Suppose that $10$ people enter an elevator with capacity $2000$lbs. Denote $X$ as the combined weight of all $10$ people in the elevator. (I chose this example because weight is a random variable that classically possesses a normal distribution.) Now define an indicator random variable $Y$ such that $Y=1 \iff$ capacity is exceeded and $Y=0$ otherwise.

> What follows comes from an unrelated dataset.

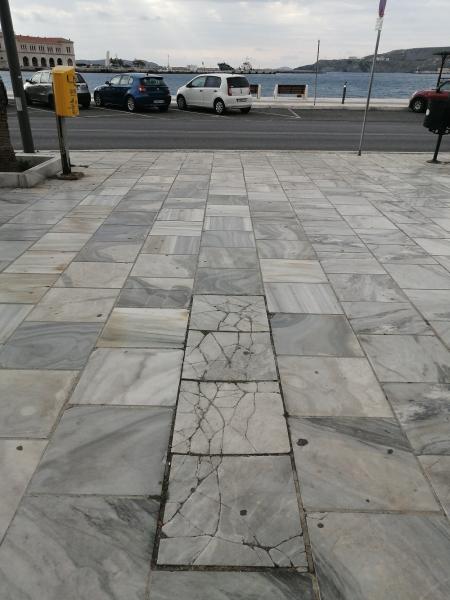 Αδιαμφισβήτητα, η Ερμούπολη συγκαταλέγεται στις πιο προσεγμένες και περιποιημένες πόλεις της χώρας, όπου καταβάλλονται συνεχείς προσπάθειες για να γίνει ακόμη πιο φιλική και ελκυστική για όλους. Ωστόσο, σπασμένες, ραγισμένες, ή βυθισμένες πλάκες σε πολυσύχναστα σημεία, όπως στα πεζοδρόμια κατά μήκος της παραλιακής οδού μέχρι και το λιμάνι αποτελούν φυσικές φθορές που παρατηρούνται σε κάθε πόλη και χρήζουν αποκατάστασης, προκειμένου να μην συσσωρευτούν και πληθύνουν, θαμπώνοντας έστω και σε ελάχιστο βαθμό αυτόν τον εντυπωσιακό «καθρέφτη».

Then $$P(Y=1|X=2200)=1 $$

  • This result is impossible and very counter-intuitive in classical probability in which we define $P(A \mid B)=\frac{P(A \cap B)}{P(B)}$. – Akira Sep 10 '20 at 21:49
  • @LAD, I think the more fundamental relationship is $P(A \cap B) = P(A|B) \times P(B)$ i.e., when you divide by $P(B)$ you've already made the assumption that $P(B) \neq 0$. However, $P(A \cap B) = P(A|B) \times P(B)$ would still hold true in Matthew Holder's case - isn't it? – Kartik Sep 10 '20 at 21:57
  • That's the formula you use if you assume $P(B)\neq 0$. That formula simply doesn't work if $P(B)=0$.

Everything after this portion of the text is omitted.